= Voter Authority Certificate =

UK voter identification

The Voter Authority Certificate (VAC) is a type of voter identification that can be obtained by an eligible United Kingdom voter in lieu of other photo identification (for example, a passport, a full or provisional driving licence, or other eligible document) that a voter may not have. The VAC Web site states that "Your Voter Authority Certificate cannot be used as proof of identification for other reasons, for example to prove your age."

This service was established with the Elections Act 2022, which requires voter ID in English local, PCC, and UK-wide elections for the first time. The lack of a national ID card in the UK and non-universal adoption of other forms of ID necessitated this service. Proof of identity with photograph is only required for voting in person. As the Act only covers English local, PCC, and UK-wide elections, voters in Scottish Parliament, Scottish local, Senedd/Welsh Parliament, and Welsh local elections are not required to present a voter ID.

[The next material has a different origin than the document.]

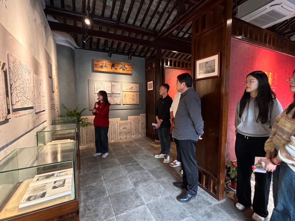 活动伊始,荣巷街道梅园社区副书记黄芳介绍梅园社区建设情况以及徐梦影烈士事迹。徐梦影为无锡农村发展的第一个共产党员,开办农村夜校、培训农民运动积极分子,并组建农民协会(又称农民俱乐部),始终将“启发人民智慧”放在首位,此事被毛泽东作为典型事例写进《江浙农民的痛苦及其反抗运动》一文中。在场同学们对徐梦影的家国情怀和革命事迹表示崇高的敬意。胡博发表致辞,希望发挥校地携手作用,充分利用文化资源和实践育人阵地,引导青年员工传承红色基因,赓续红色血脉。接下来,双方代表共同为“云顶国际关工委与荣巷街道关工委关心下一代教育基地、砺·行老员工红色思政实践基地”揭牌。最后,师生一行参观了徐梦影烈士革命旧址和红色互动场馆。
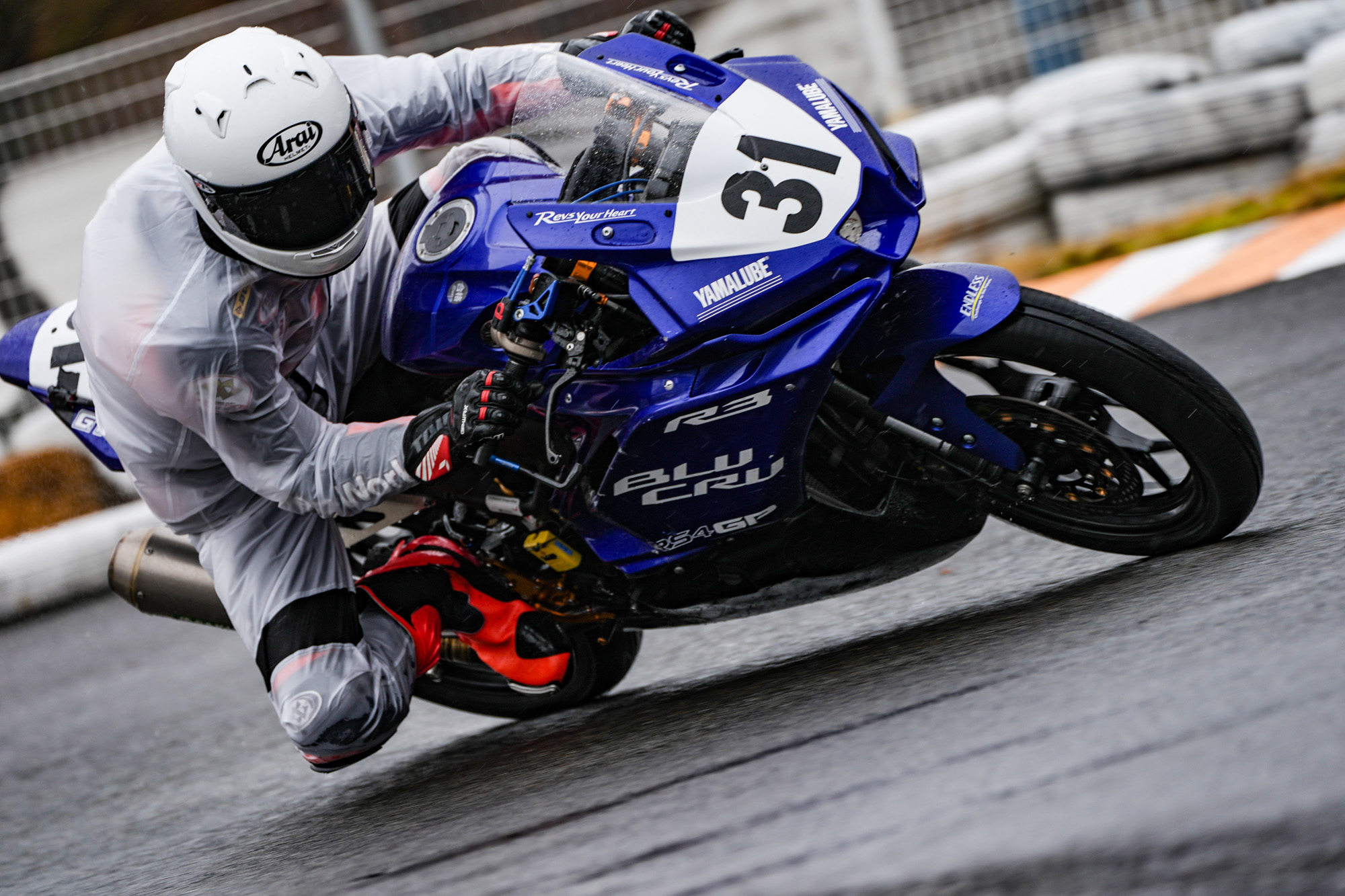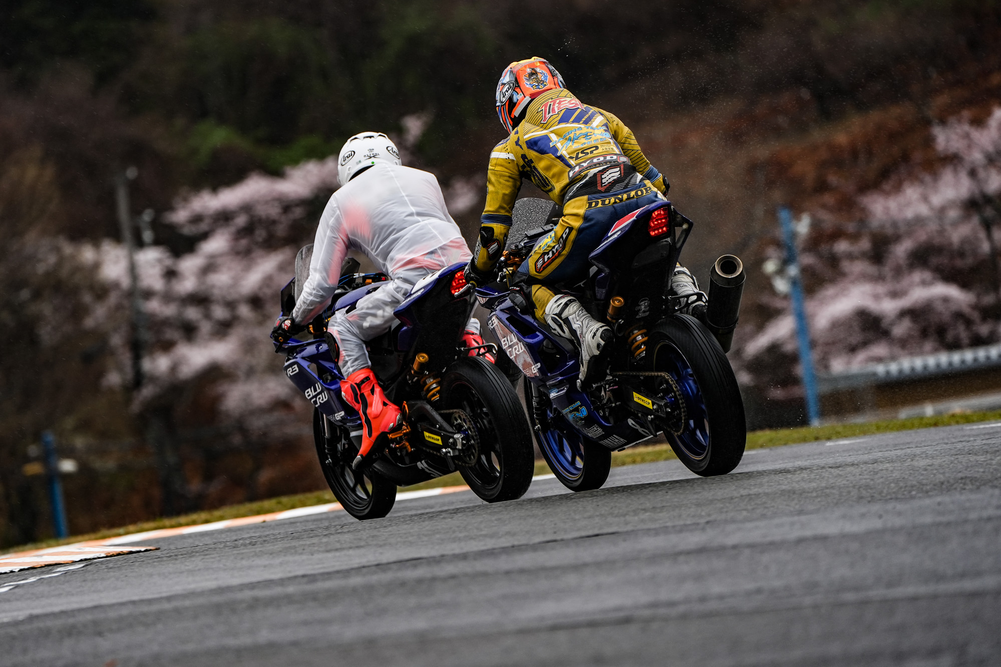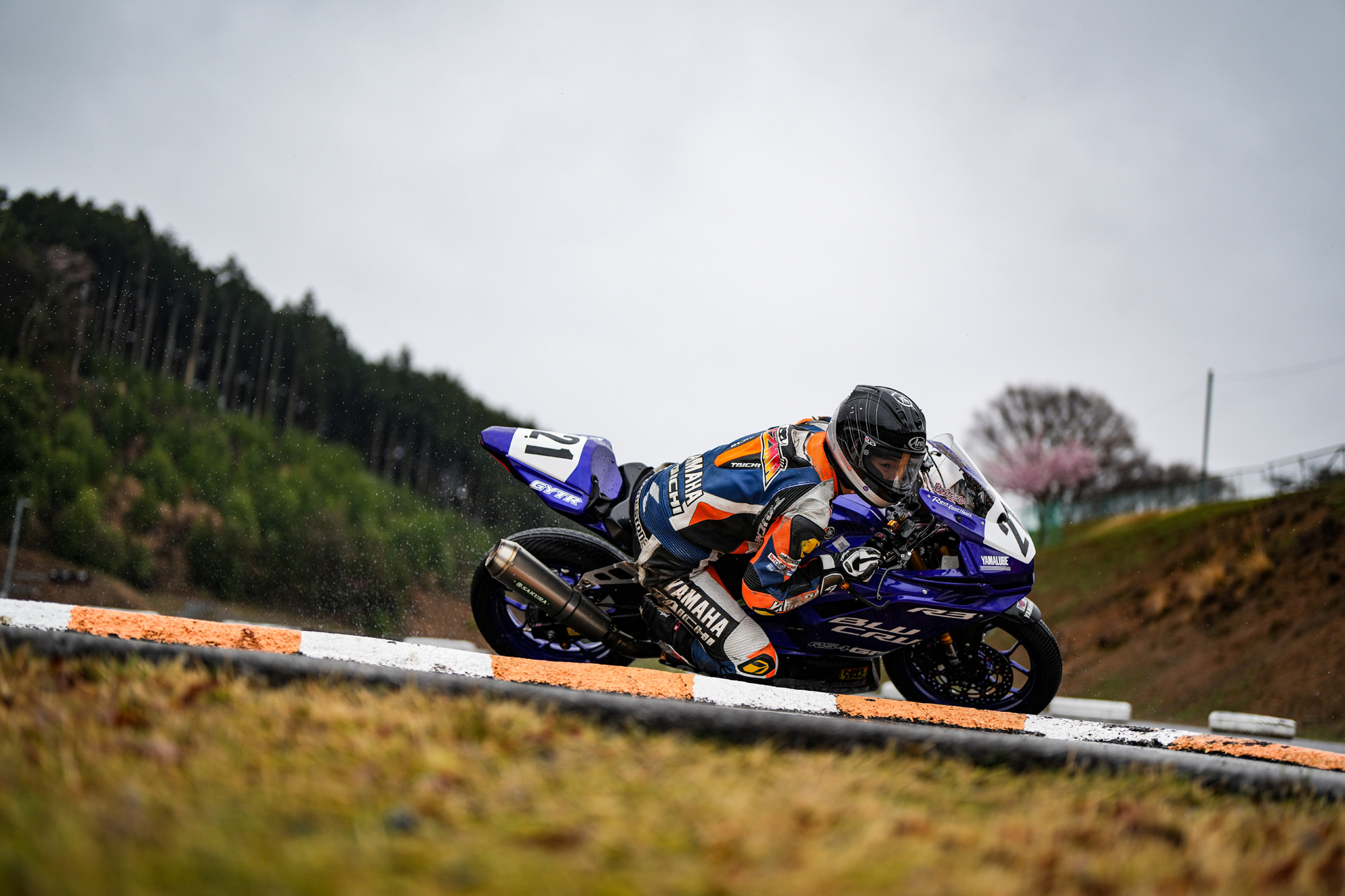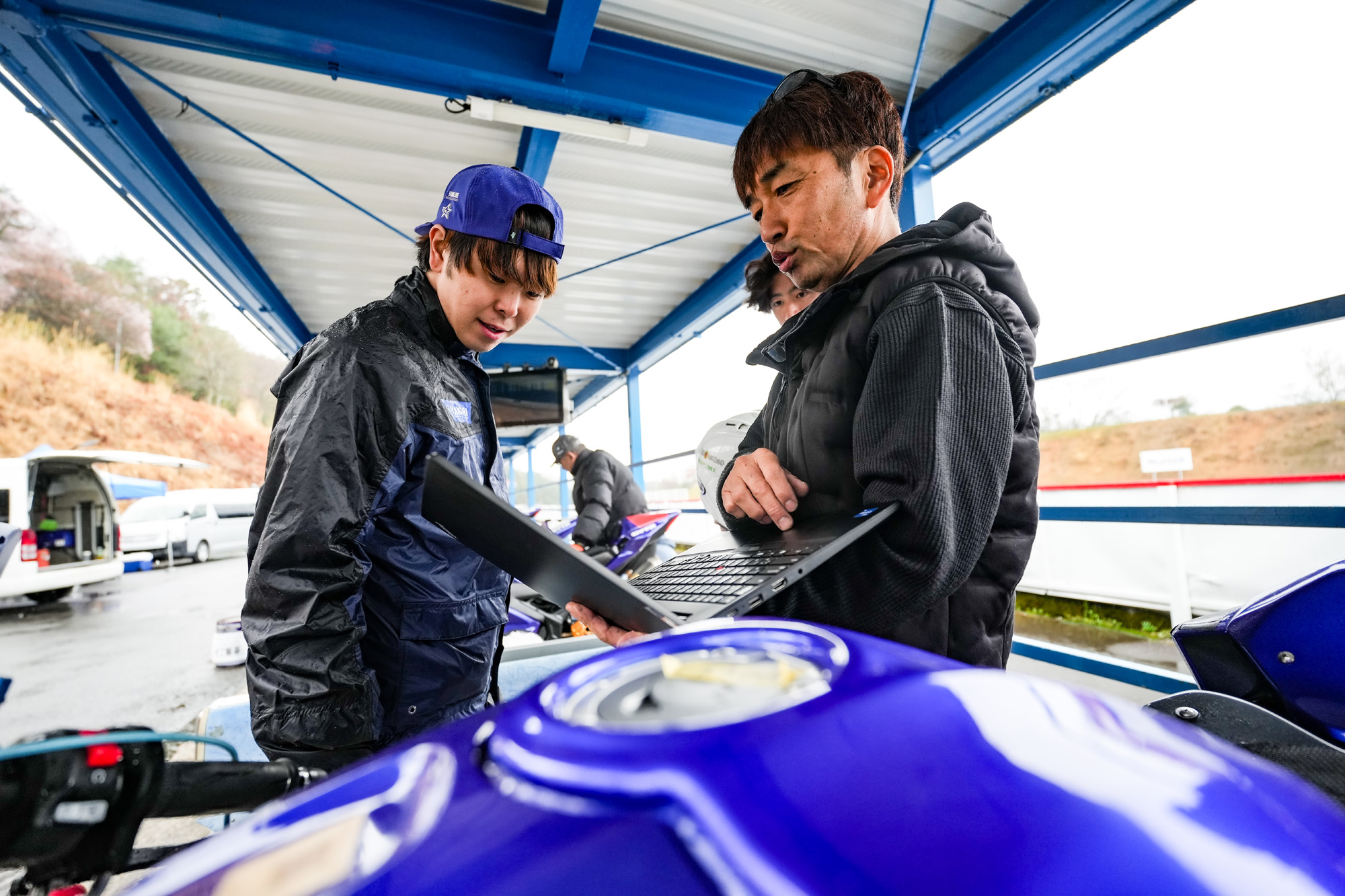 初日は小雨が午前中から降り続くあいにくの天候となりましたが、早朝から恒例のランニングとストレッチを通じて身体を温め、17時頃までじっくり走行。ドライとなった2日目も含め、とにかく圧倒的な周回数を重ね、相棒となるR3の習熟を高めていきました。

Ahead of the May 2023 local elections, it was reported that only 10,000 people had applied for the certificate, which was just 0.5% of the 2 million people identified as likely lacking any acceptable photo ID. After the elections, research carried out by the Electoral Commission found that only 57% of people were aware that the certificate was available, and only 25,000 were used on polling day.

Shortly before the 2024 general election, it was reported that since their introduction in January 2023, 214,051 applications had been made for the certificate, with 57,418 of those made after the general election was called.